Motion Picture Funnies Weekly - Contents

Contents

The first issue included Bill Everett's original eight-page Sub-Mariner origin story, which was expanded by four pages when it eventually saw print in Marvel Comics #1 (Oct. 1939) — the first publication of Marvel Comics' Golden Age predecessor, Timely Comics, the contents for which were supplied by Funnies, Inc. The final panel on page 8 contained a box reading "Continued Next Week", as well as a notation indicating an April 1939 date for the art. The box remained, sans words and colored in, when reprinted as part of the 12-page story in Marvel Comics #1 (Oct. 1939), and reprinted as the original eight-page story in Marvel's The Invaders #20 (Sept. 1977).
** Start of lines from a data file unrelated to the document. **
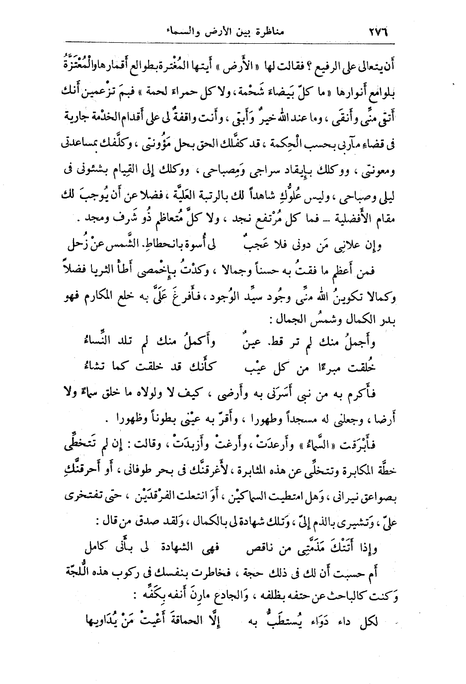فأكرم به من نبي أسرني به وأرضى كيف لا ولولاه ما خلق سماء ولا أرضاً وجعلني له مسجداً وطهوراً وأقر به عيني بطوناً وظهوراً فأبرقت (السماء) وأرعدت وأرغت وأزبدت وقالت إن لم تتخط خطة المكابرة وتتخلى عن هذه المثابرة لأغرقنك في بحار طوفاني أو أحرقنك بصواعق نيراني وهل امتطيت السماكين أو انتعلت الفرقدين حتى تفتخري علي وتشيري بالذم إلي وتلك شهادة لي بالكمال وقد صدق من قال: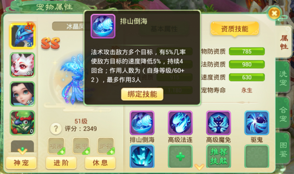 3.特殊技能:宠物特殊技能不同于初级和高级技能,如单体物理攻击法术“善恶有报”等。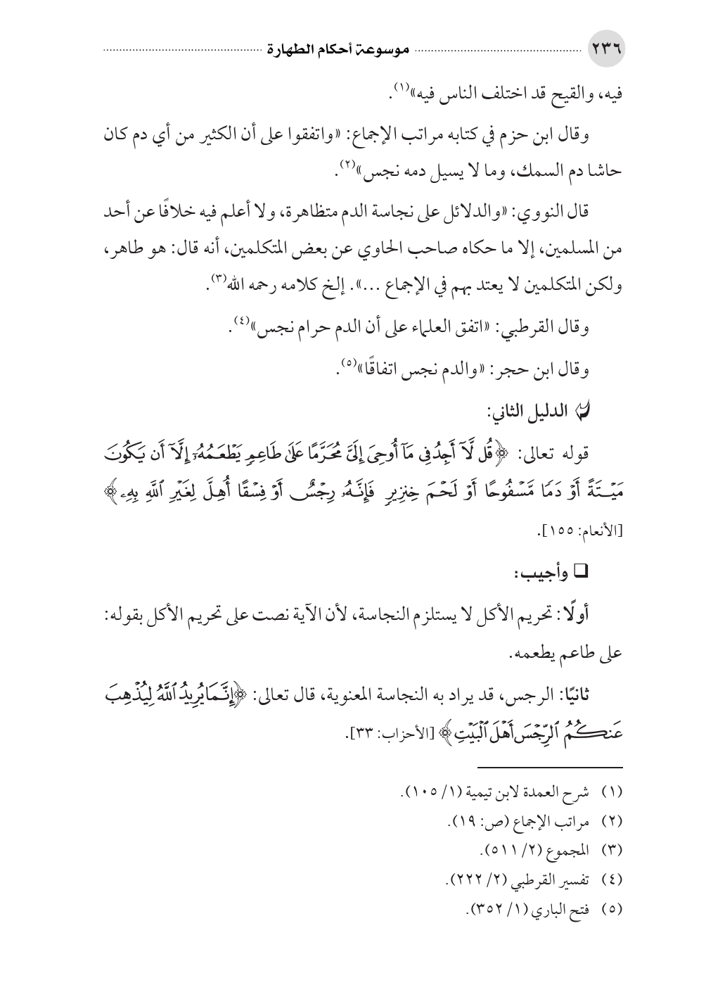 قال النووي: «والدلائل على نجاسة الدم متظاهرة، ولا أعلم فيه خلافًا عن أحد من المسلمين، إلا ما حكاه صاحب الحاوي عن بعض المتكلمين، أنه قال: هو طاهر، ولكن المتكلمين لا يعتد بهم في الإجماع ... ». إلخ كلامه رحمه الله (¬٣).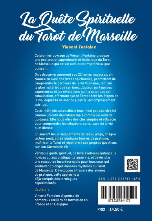 Ce premier ouvrage de Vincent Fontaine propose une exploration approfondie et initiatique du Tarot de Marseille qui est un outil aussi mystérieux que puissant. On y découvre comment ses 22 lames majeures, en connexion avec des forces spirituelles, permettent de comprendre le parcours de la vie humaine, tant sur le plan matériel que spirituel. L'auteur partage ses expériences et les révélations qu’il a obtenues par canalisation, affirmant que le Tarot décrit les étapes de la vie, depuis la naissance jusqu'à l'accomplissement spirituel. Cette méthode accessible à tous n’est pas abordée ici comme un outil divinatoire mais comme un outil de guidance. Elle nous offre des clés simples et efficaces pour comprendre les situations complexes de la vie quotidienne. En suivant les enseignements de cet ouvrage, chaque lecteur peut, après quelques heures de pratique, maîtriser le Tarot et répondre à ses propres questions sur son Chemin de Vie. Véritable guide spirituel, ce livre s'adresse autant aux novices qu'aux pratiquants aguerris, et deviendra une ressource incontournable pour tous ceux qui souhaitent plonger dans les mystères du Tarot de Marseille. Développée à travers des années de pratique, cette approche a déjà conquis des tarologues expérimentés.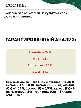 Состав: Люцерна, зерно, масличные культуры, соль кормовая, премикс.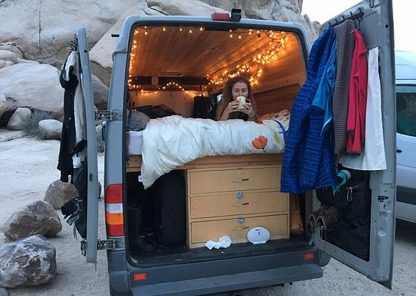 卡婭在自己的車中安裝了木抽屜,并且在車頂裝配上行李架。她十分享受房車旅行的生活,在車?yán)镒鲲?在荒野爬山,并且將這些點(diǎn)滴都在日記中記錄下來!皩(duì)我來說,住在車中就是我的理想生活!笨▼I表示。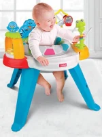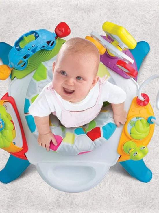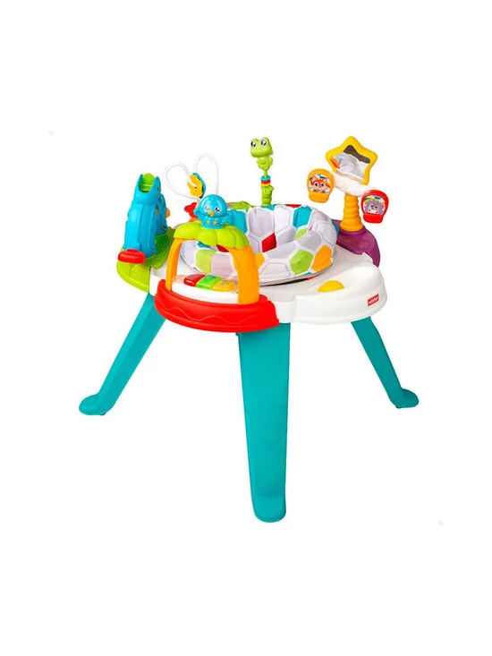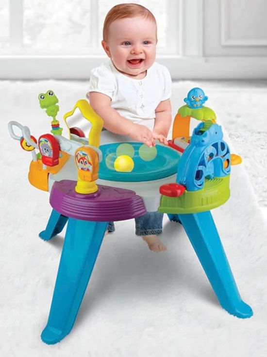 Multi-purpose 2 in 1 activity table toy from the brand WINFUN. 2-in-1 activity center and table. Put baby in the soft seat pad for safe play in the stationary activity center. Includes turning click-clack bird, fun ball popper, spinning ferris wheel, baby-safe mirror, sliding spinners, and froggy rattle. Light-up buttons with happy sounds and melodies. Easily converts from stationary activity center to activity table mode. Features detachable play pieces to customize center and easy-clean snack tray. Suitable for children from 6 months onwards.

As historian Les Daniels writes,

Early in 1939 a bizarre character called The Sub-Mariner ... had been featured in the black-and-white Motion Picture Funnies Weekly, a failed promotional giveaway that Funnies, Inc. had produced. The creator of that story was a struggling young artist from Massachusetts named Bill Everett. ... became the first Marvel hero: he was created by Everett before any other comic book character published by the Goodman group. Everett and his fish-man might have been dead in the water, but happily for all concerned, the story from the theater giveaway was repackaged for the first issue of Goodman's first comic book."

Another Timely character that debuted in Motion Picture Funnies Weekly was writer-artist Paul J. Lauretta's aviator hero the American Ace, whose origin eventually appeared in two six-page stories in Marvel Mystery Comics #2-3 (Dec. 1939 - Jan. 1940), following the renaming of Marvel Comics after issue #1.

Additional features in Motion Picture Funnies Weekly #1 were the adventure strip "Spy Ring" by Jay Fletcher; "Kar Toon and his Copy Cat" by Martin Flichok; an activity page, "Fun-o-graphs," by Vernon Miller; and "Jolly the Newsie" by George Peter.

Cartoonists Fred Schwab or Martin Filchock drew the cover (sources differ). Filchock drew the covers of #2 and #4, and Max Neill the cover of #3; those latter three issues each are signd.